Bolsonaro, nuevo traspié para la democracia en América

Tras lograr ayer un 46% de los votos, está casi asegurada la elección de Jair Bolsonaro como nuevo presidente de Brasil en segunda vuelta dentro de tres semanas. Si bien es cierto que la política es imprevisible y que el candidato del Partido de los Trabajadores (PT), Fernando Haddad, ya ha conseguido apoyos de otros candidatos perdedores, la diferencia a superar (17 puntos porcentuales) es excesiva. En un país donde el sentimiento anti-PT está tan extendido, será casi imposible crear el tipo de alianza contra la extrema derecha antidemocrática que definió la segunda vuelta entre Chirac y LePen en Francia en 2002 o entre Fabricio Alvarado y Carlos Alvarado en Costa Rica el año pasado.
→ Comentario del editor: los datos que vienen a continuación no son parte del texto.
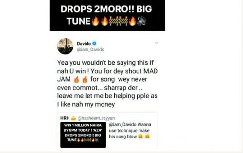 Nigerian singer who dropped another song tomorrow Titled “Aza” was called out by a twitter user for giving out N1million to a fan just like that says Davido is using the technique to make his song “blow”.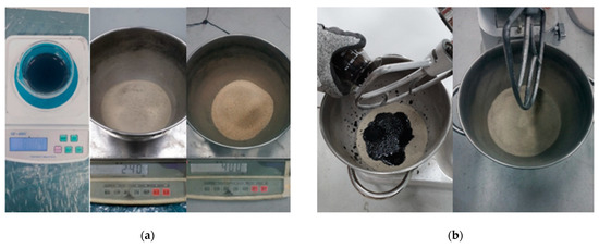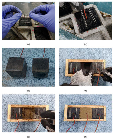 Fabrication process of the test specimens. (a) Measuring. (b) Mixing (3 min). (c) Installing a stainless-steel mesh. (d) Installing a thermocouple in the heating part. (e) Curing of the heating part (91 d). (f) Installing the heating part. (g) Tamping of the curing part. (h) Installing a thermocouple in the curing part.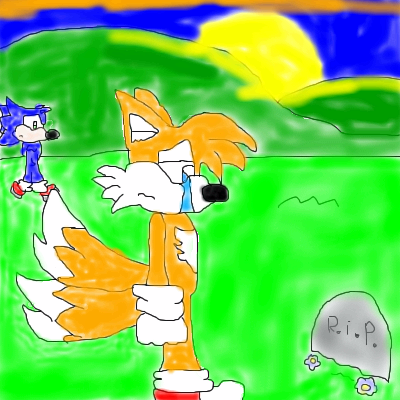I would say his mom is dead, because well you don't see her around everyday. I've never seen her ever, so thats what I think. Kinda sad huh? Well this is a little pic of Tails if he found her tomestone. I needed something to draw, and that is what came to mind. .. ^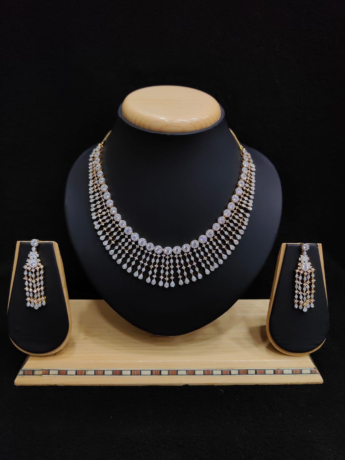 AD ZIRCON STONE TWO TONE POLISH NECKLACE WITH EARRINGS

El futuro presidente Bolsonaro ha sido comparado a menudo con Donald Trump por su gusto por la polémica y su uso efectivo de las redes sociales y las noticias falsas. Él mismo ha profesado admiración por el presidente estadounidense y su forma de hacer política. Sin embargo, es todavía un mayor peligro para la democracia que Trump.  No sólo ha realizado declaraciones misóginas (“No te voy a violar porque no te lo mereces”, le soltó a una diputada del PT hace dos años), homófobas (“Sería incapaz de amar a un hijo homosexual”) y racistas (“los afrodescendientes no hacen nada, creo que ni como reproductores sirven más”), sino que ha promovido asesinatos extra-judiciales como respuesta a la violencia y ha exaltado a la dictadura brasileña de los años en 60 en numerosas ocasiones.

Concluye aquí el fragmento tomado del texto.